Adverse events. Three trials reported on treatment side effects (unpleasant taste N=3; sore throat N=2). No significant differences were found between NCS and SCG with respect to unpleasant taste (RR=3.77; 95 percent CI: 1.29, 10.97) or sore throat (RR=4.96; 95 percent CI: 20.1, 9.1). Overall, the trend in both cases was for fewer side effects in the SCG group.

Conclusions. In people with stable asthma who experience EIA, both NCS and SCG provide a significant protective effect against EIA. No significant differences were evident between the two drugs on pulmonary function; however, more people experienced a sore throat or an unpleasant taste from NCS.

MCS to Prevent EIA Review

Design issues. This review78 was restricted to full manuscripts regardless of publication status and three foreign language studies were included. All but two studies used a crossover design.

Objective. The objective of the review was to compare the effects of a prophylactic dose of either NCS or SCG (collectively called MCS) to that of atropine, ipratropium or oxitropium bromide (collectively called anticholinergics), and SABA. The review also compared the effects of a combination of SABA plus MCS to a SABA alone. The primary outcome was the percent fall in FEV1 post-exercise. The review also reported the OR and 95 percent CIs of obtaining complete protection and clinical protection. Complete protection was obtained if the post‐exercise fall in FEV1 was less than either the 10 or 15 percent diagnostic cutpoints. Clinical protection was obtained if the post-exercise fall in FEV1 after drug intervention was at least 50 percent less than that with placebo.
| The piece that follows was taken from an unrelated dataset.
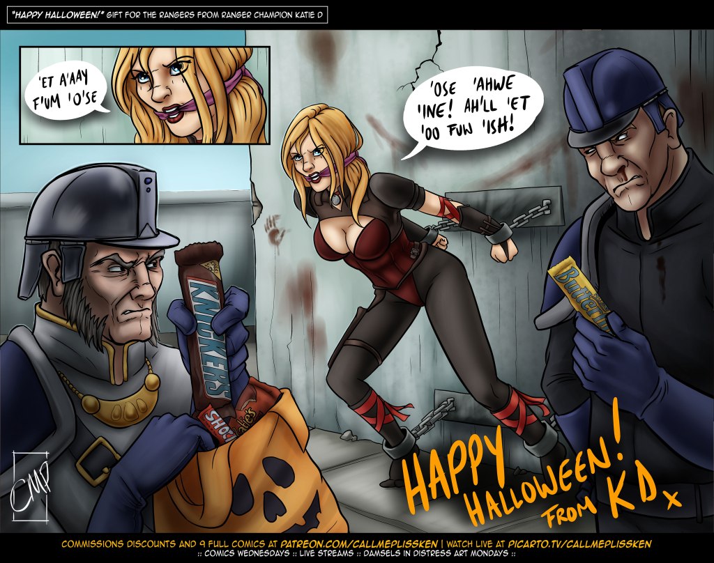 This one comes from a commission to a story where Evie’s in real danger, then the image was modified to show the bad guys stealing her Halloween Candy.

Population. Recruitment procedures were not well described but appeared to be healthy volunteers from either asthma clinics or schools for asthmatic children. Thirteen trials recruited children (6 to 13 years) and 11 recruited adults (18 years and older). Most studies documented recruiting healthy, stable, asthmatics and all of the trials required at least a 15 percent fall in FEV1 to diagnose EIA. The populations in seven trials were considered to have mild EIA defined as a percent fall index less than 30 percent on placebo; 16 were classified moderate to severe; one did not report baseline data.

Exercise challenge tests. The ECTs involved an inclined treadmill (n=19), FRAST (n=1), bicycle ergometer (n=3), and stair climbing (n=1). Most studies reported an exercise challenge time of between 5 to 8 minutes with a target heart rate ranging from 150 to 180 beats per minute.
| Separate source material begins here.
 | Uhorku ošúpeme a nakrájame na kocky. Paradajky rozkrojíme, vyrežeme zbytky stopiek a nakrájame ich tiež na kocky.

Results. Description of studies. The 24 RCTs included in the review reported data on 518 participants. The studies compared the following drug combinations: MCS versus anticholinergics (8 studies), MCS versus SABA (20 studies), and SABA versus a combination of SCG plus SABA (10 studies). The method of delivery varied across studies (8 nebulizer, 5 MDI, 3 spinhaler, and 2 not described), with six studies comparing two or more devices. All studies required participants to abstain from taking any bronchodilator for at least 8 hours prior to a challenge; other medications were withheld for longer periods of time.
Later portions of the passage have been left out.